Sabtu, 18 November 2017 21:44

HIPMI Dorong Pembangunan Bandung Skin Goal

Ketua HIPMI Kabupaten Bandung, Andri Juwandi.
Ketua HIPMI Kabupaten Bandung, Andri Juwandi. [Istimewa]

Limawaktu.id - Himpunan Pengusaha Muda Indonesia (HIPMI) akan mendorong program Bupati Bandung yakni pembangunan Bandung Seribu Kampung Industri Go International (Skin Goal), sehingga akan melibatkan Perbankan, komunitas seperti Perhimpunan Hotel dan Restoran Indonesia (PHRI), Kamar Dagang dan Industri (Kadin) Kabupaten Bandung dan lain-lainnya.

Hal tersebut dikatakan Ketua HIPMI Kabupaten Bandung, Andri Juwandi. Menurutnya, selain bekerjasama dengan sejumlah komunitas, pihaknya pun akan kerjasama dengan little bandung dan kerjasama dengan Malaysia Indonesia Corporate Hours.

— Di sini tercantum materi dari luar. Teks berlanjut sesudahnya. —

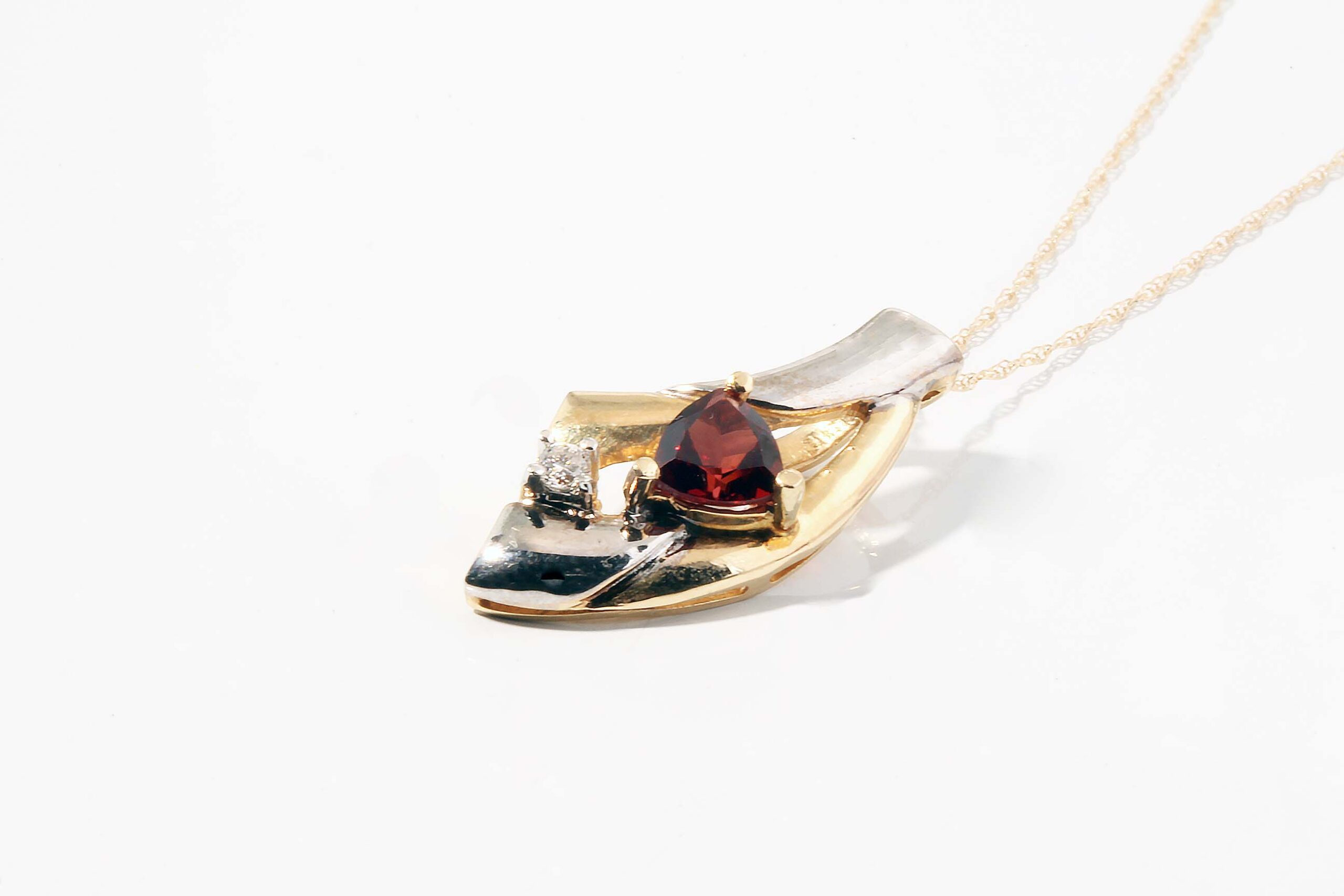 14KYG Trillion Cut Garnet & Diamond Pendant #230-00021

"Tanggal 19 November ini kita sudah dua tahun, sehingga di masa bakti saat ini sudah mengadakan 60 kegiatan. Dan untuk kedepannya kita akan mendorong program Bupati Bandung, yakni pembangunan Bandung Seribu Kampung Industri Go International atau Skin Goal," kata Andri kepada Limawaktu.id, Sabtu (19/11/2017).

Menurutnya, little Bandung yang membawa produk produk di Jawa Barat atau Bandung untuk dibawa ke Korea, Malaysia, Singapur dan negara lainnya. Untuk kedepannya, kata Andri, pihaknya juga menginginkan go internasional itu bukan hanya produk ke luar negeri, namun harus berjalan di online dan marketnya pun sudah kuat.

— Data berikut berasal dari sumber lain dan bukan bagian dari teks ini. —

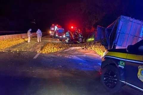 Caminhão com laranjas tomba e motorista fica ferido em estado grave, no Paraná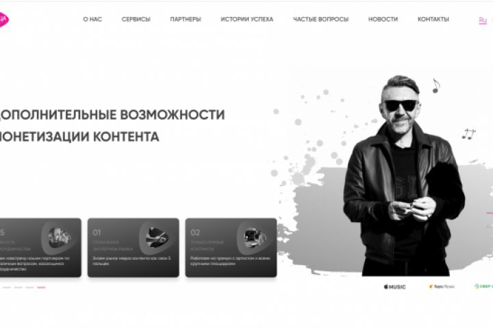 Нами полностью была переработана визуальная и техническая часть сайта с учетом того что основные пользователи — это креативные люди, музыканты, музыкальные лейблы, представители площадок (Apple music. Яндекс музыка, Сбер звук и др.).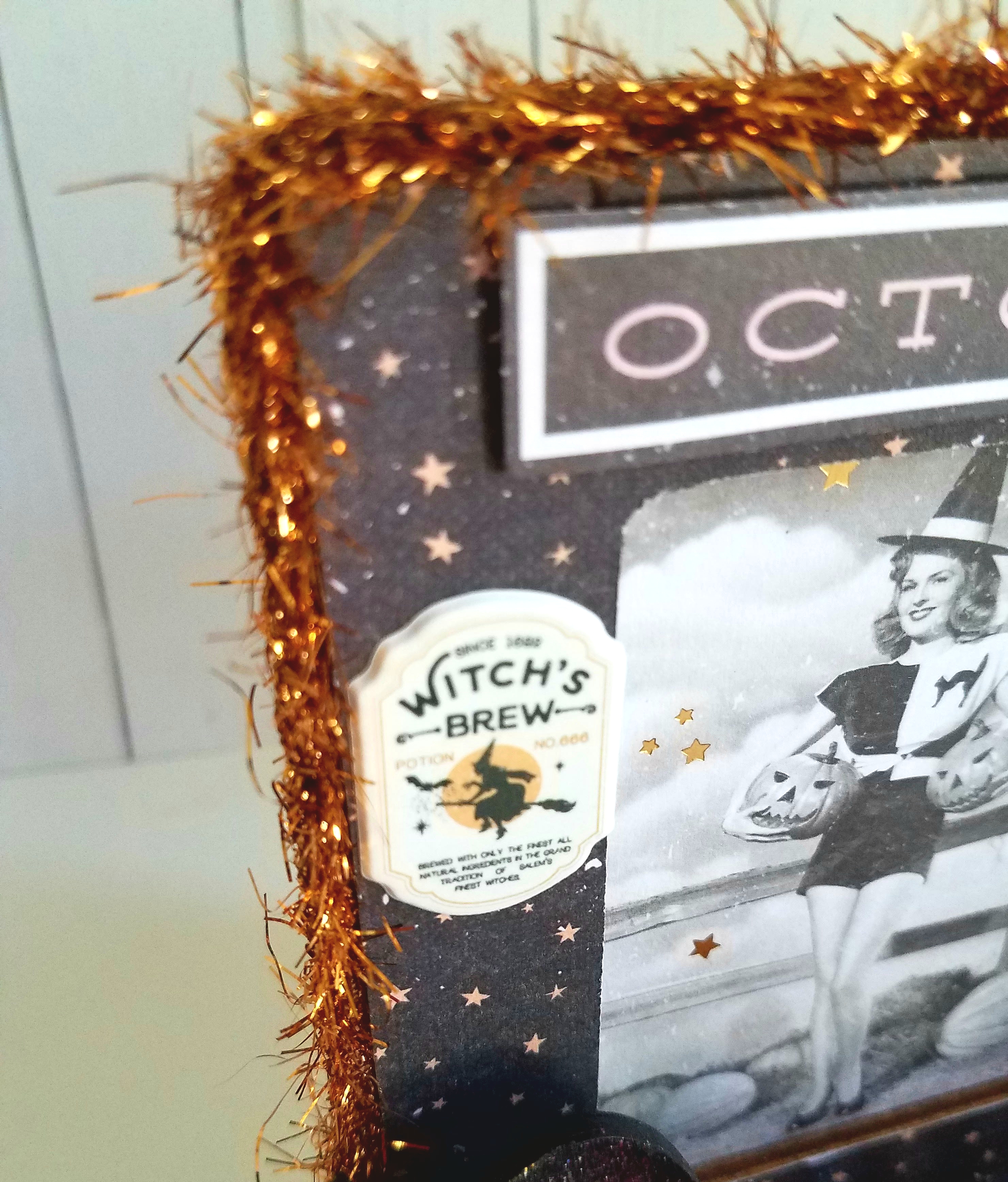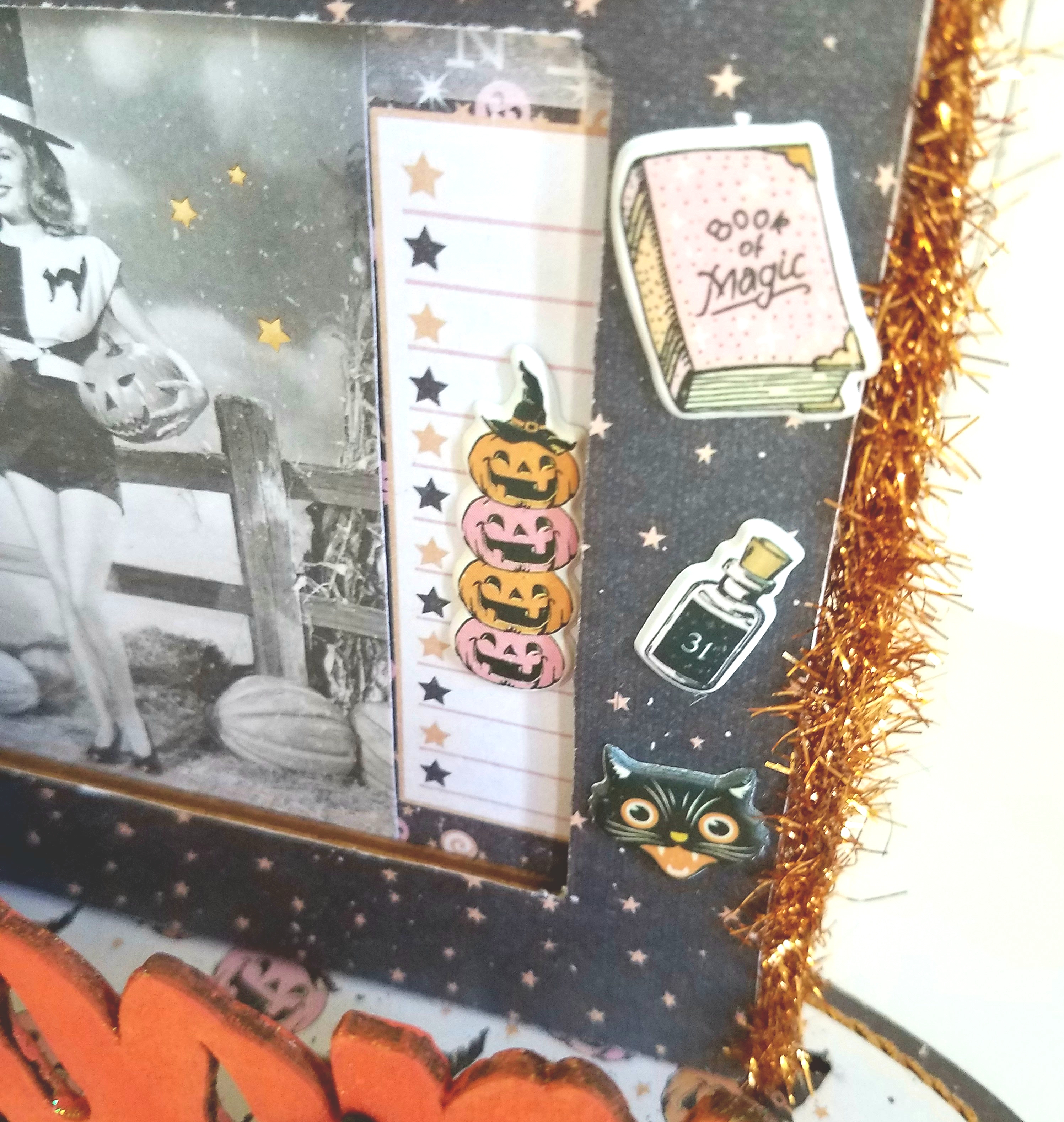 Next up we will be decorating the top frame piece. I chose another paper and traced, cut out and trimmed as we previously did on our base pieces. You can add a favorite photo to the back of your frame if you like. I chose to add a cute vintage witch photo from my ephermera pack! I added part of another journaling card on the right side of my photo. Then glue your frame to the bottom frame wood piece, making sure to line up the top edges. Next I glued some orange gold tinsel around both sides and the top of my frame. Snap frame in place on base. Now the fun part is decorating your frame! I chose some some puffy stickers from the paper collection and adhered them onto my frame. I added foam dots to the back of my ephermera words ,October 31st, and adhered onto the top of my frame. That's it! I think these Framables are the perfect Home Decor piece to decorate any room for Halloween. I think it would be a great gift idea to surprise someone too. They come apart so it makes shipping them super easy!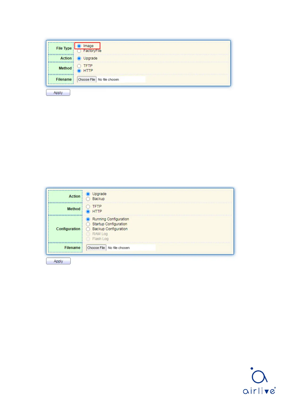 illustrated in TFTP mode). “Apply” and finish as follows:

"Karena di Kabupaten Bandung, dengan banyaknya sentra sebetulnya kekuatannya ada di produsen, tapi pemasarannya kita tetap mengandalkan wilayah Kota Bandung," ungkap Andri,  yang saat ini memiliki anggota 150 orang dan mitra binaan sebanyak 800 anggota.

Andri juga mengakui, saat ini PR pertama HIPMI harus mendorong program dengan banyaknya sentra. Dengan adanya sentra oleh-oleh disatu tempat untuk memasarkan produk dan membuat market blasnya secara online dan membantu secara perbankan. Sehingga para pelaku usaha teman-teman binaan agar bisa mendapat pinjaman dari Kredit Usaha Rakyat (KUR) "Alhamdulillah sekarang sudah berjalan dengan sejumlah bank," ucapnya.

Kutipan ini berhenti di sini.